Originally posted to the Hoka Hey Motorcycle Challenge Blogspot on May 6th, 2015.

The time it took for you to read the title of this blog, roughly 3 seconds, is all the time needed to lose your life. A couple of years ago I was in Rapid City, SD headed to Hot Springs to visit with Jim & Beth of Hoka Hey fame and was setting at an intersection waiting for the light to turn green. A rider passed through the intersection and he looked toward me and nodded his head as to say, “Hey, how’s it going?” That was all the time needed for the car in front of him to stop and he rode into the back of the car.

Distracted rider

All it took was a brief second of distraction…

His injuries were minimal, but the bike needed to go to the shop for repair. While waiting on the police to show up we talked and I learned he was a rider with years of experience and this was his first mishap. The split second it took for him to look at me was all the time it took for the convergence of unfortunate circumstances to meld together and result in an accident.

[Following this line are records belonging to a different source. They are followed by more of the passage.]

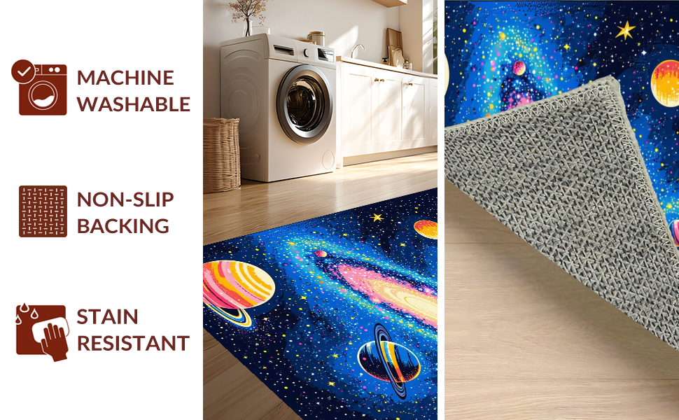 Ultra Soft Area Rug, Non Slip, Stain Resistant, Washable Area Rugs for Living Room, Bedroom, Exploratory Starry Sky Aesthetic(Blue) Overview:
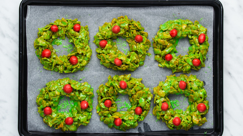Now that you have all of your ingredients ready to roll, grab two baking sheets, and line them with parchment paper. Surprisingly, you don't need to use an oven for this recipe, but the baking sheets come in handy for placing the finished wreaths on.
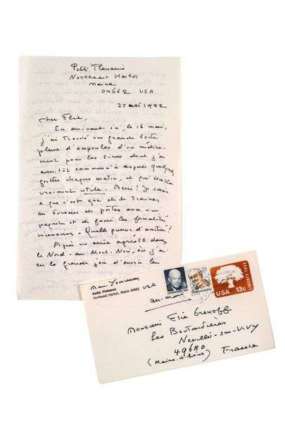 Lettre autographe signée au peintre Élie GREKOFF Petite Plaisance, Notheast Harbor, 25 mai 1982, 2 pages grand in-8 à l'encre, enveloppe autographe
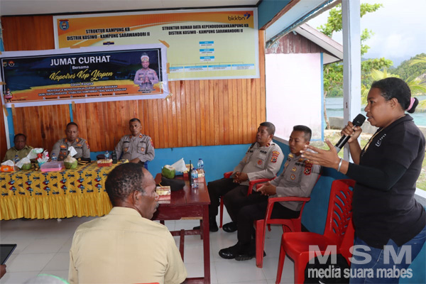 MediaSuaraMabes, Yapen – Kegiatan Jumat Curhat yang merupakan program Dumas Presisi Polri, mendapatkan apresiasi dari aktivis perempuan di Kabupaten Kepulauan Yapen yang hadir secara langsung dalam kegiatan Jumat Curhat Polres Kepulauan Yapen bersama masyarakat di Kampung Sarawandori II Distrik Kosiwo. Jumat (27/1/2023.
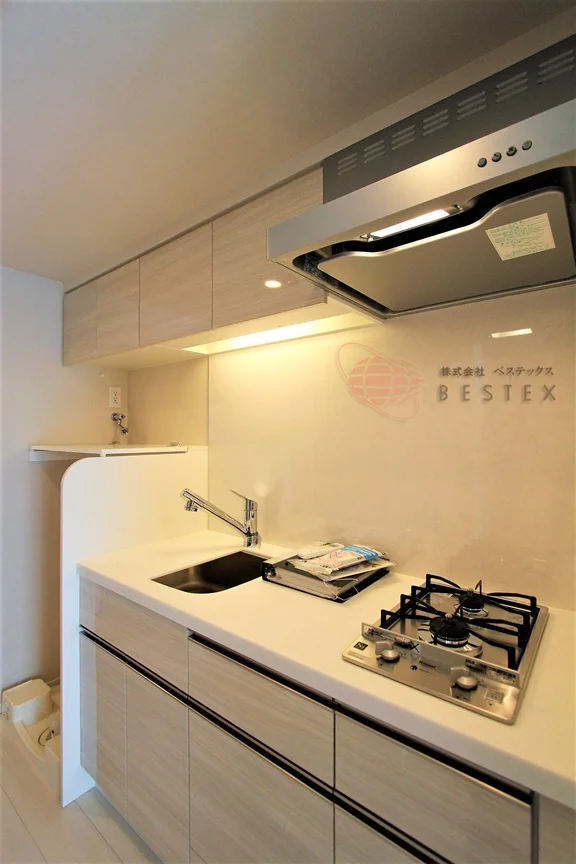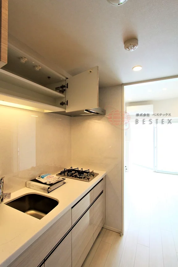 キッチンは2口のシステムガスキッチンで収納も多く、調理スペース・シンクともに広く取られて使い勝手良好♪

Riding is risky business and we, as riders, are responsible for reducing that risk as best we can. Most assuredly during those years of riding he had, as we all have, allowed his attention to be diverted for a second or two while acknowledging someone while riding or take a few extra seconds to look at the scenic view to the left or right. But, in previous instances other variables did not enter into the mix, like the car stopping unexpectedly or a deer dashing out to get to the other side of the highway.

We rely on our riding skill and experience to stay between the ditches and to keep the shiny side up while we ride. These are important for sure, but I think attitude and focused attention are more important. Call me rude if you like, but I will never wave at an oncoming rider while I’m in city traffic. I assume every car within 100 feet of me is ready to implement a well-developed plan to run me down and then take a selfie over my lifeless body. We have all had close calls with cagers and the only reason we lived through it was because we were 100% focused on the task at hand and evaded the assault. What happens when that “close call” presents itself during that short span of seconds when we are momentarily distracted by some inconsequential thing?

Stay focused, stay alert and always ride as if everyone is out to get you. It’s a strong bet they are indeed looking for an opportunity for the perfect selfie and your lifeless body would make a fine backdrop. Don’t give them the opportunity.